Archive for Thursday, October 16, 2008
Beyond childhood frontiers
October 16, 2008
I like fifth-graders; I particularly like fifth-grade boys. It is the age that we refer to as the last frontier of childhood. No longer is it possible to say: Wish the thought, the deed is done. It is the age at which responsibility strikes in neverending streams of demands — from parents, teachers and peers.
When I think of the film that portrays one aspect of that coming of age stage in life I think of “Holes,” where a cadre of delinquents, near-delinquents and misunderstood boys from diverse backgrounds find themselves in an outpost of a desert, digging holes as punishment for their various infractions that landed them there.
Except they are not merely there as punishment for their misdeeds — one so simple as having made off with a pair of designer athletic shoes that fell over the side of a bridge and hit him in the head — but rather are there as part of a plan by the woman who runs the camp, to dig up some buried treasure. So each day, the boys go to their assignments of digging holes — deep, dirty holes — in the desert sun.
Out of the diverse, disconnected group of boys, small knots of friendship form: black meets white, delinquent confronts the misunderstood, small stands against the mighty. An escape is attempted and ultimately victory is won.
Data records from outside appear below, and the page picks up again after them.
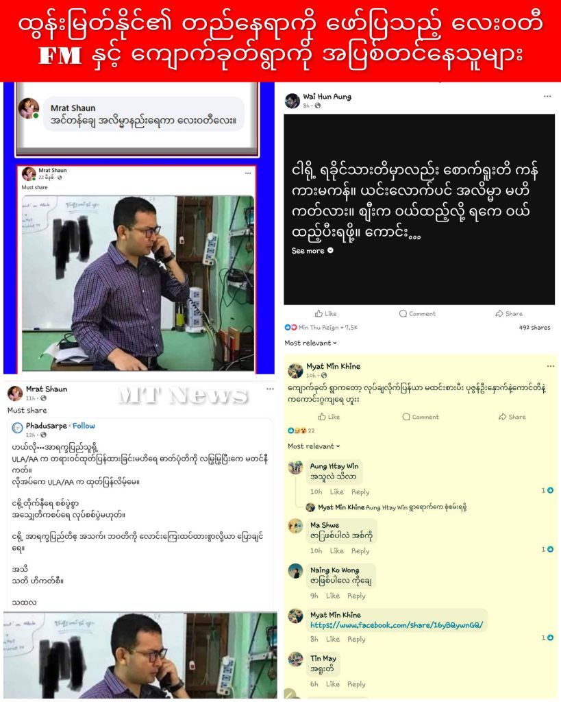 ဒီလို ထွန်းမြတ်နိုင်ရောက်နေတဲ့နေရာကို ခန့်မှန်းနိုင်တဲ့ပုံတွေ Lay Waddy FM က ဖော်ပြအပြီး ထွန်းမြတ်နိုင်ရဲ့ ဇနီးဆိုသူ Mrat Shaun အကောင့်သုံးစွဲသူက “အင်တန်ချေ အလိမ္မာနည်းရေကာ လေးဝတီလေး”လို့ မှတ်ချက်ပြုခဲ့သလို ULA/AA မထုတ်ပြန်တဲ့ပုံတွေ မတင်ကြဖို့ ပို့စ်ကို Share ခဲ့တာကြောင့် Lay Waddy FM က ထွန်းမြတ်နိုင်ပုံတွေ ပြန်ဖြုတ်သွားခဲ့ကာ ထွန်းမြတ်နိုင်ကိုယ်တိုင် ဆင်းလာတွေ့တာကို မိန်းမနဲ့ကလေး ၄၀ လောက်ပဲရှိလို့ “ရခိုင်လူငယ်တွေက စစ်ပွဲမှာကုန်ပြီ။ ဒီတစ်ခါ မိန်းမတွေနဲ့ ကလေးတွေအလှည့်” လို့လှောင်ပြောင်နေကြတာလည်း တွေ့ရပါတယ်။
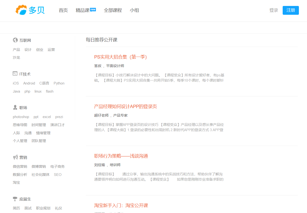 腾讯课堂由腾讯大厂推出,有收费课程,也有免费课程。它适合互联网行业从业者。课程涵盖产品、设计等多个领域。在这里还能看到腾讯员工学习的课程。
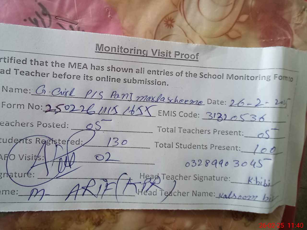 | Attendance Register | Head Teacher | MEA with School | Visit Proof |

I was thinking about the book/movie recently sitting in the waiting room of a cancer-treatment center, waiting to be found, waiting for the doctor’s order to be located, when a tall, lanky, thin-haired, young man, dressed in grey and black, with a silver apparatus stuck in one ear, appeared in the doorway and called out a name; we all looked up.
He retreated into the abyss of hallways. I looked at my traveling companion and asked if she read Harry Potter, to which she said she did not. I glanced beyond her to a fifth-grade, maybe older, youngster sitting there. “I do,” he said.
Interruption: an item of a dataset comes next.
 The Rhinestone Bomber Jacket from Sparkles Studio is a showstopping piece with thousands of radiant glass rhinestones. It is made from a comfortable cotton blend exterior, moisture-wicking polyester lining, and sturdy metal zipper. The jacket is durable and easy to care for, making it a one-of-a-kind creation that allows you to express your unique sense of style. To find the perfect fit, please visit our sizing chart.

What was the name of that little goblin that followed Harry around, I asked. “Dolby,” he answered. “That guy reminds me of Dolby,” I said. He nodded.
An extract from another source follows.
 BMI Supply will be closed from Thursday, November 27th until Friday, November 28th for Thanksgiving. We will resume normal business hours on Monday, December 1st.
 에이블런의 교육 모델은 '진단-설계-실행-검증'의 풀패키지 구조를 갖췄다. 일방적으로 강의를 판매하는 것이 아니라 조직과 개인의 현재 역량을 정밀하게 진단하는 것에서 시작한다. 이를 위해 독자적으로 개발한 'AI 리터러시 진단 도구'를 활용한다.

“Dolby was controlled by a master, until he received a gift,” he explained. “It was a sock inside a book, then he was free.”
What I would give to present that boy with a book, with a sock, that would free him from the master disease that seeks to control him, that such a book would be filled with hope, courage, promise, and freedom to seek all that lies before and beyond him — way beyond the frontier of childhood. It is in such a place, with the heat of the sun that beats upon our heads, that the fulfillment of such a promise is possible.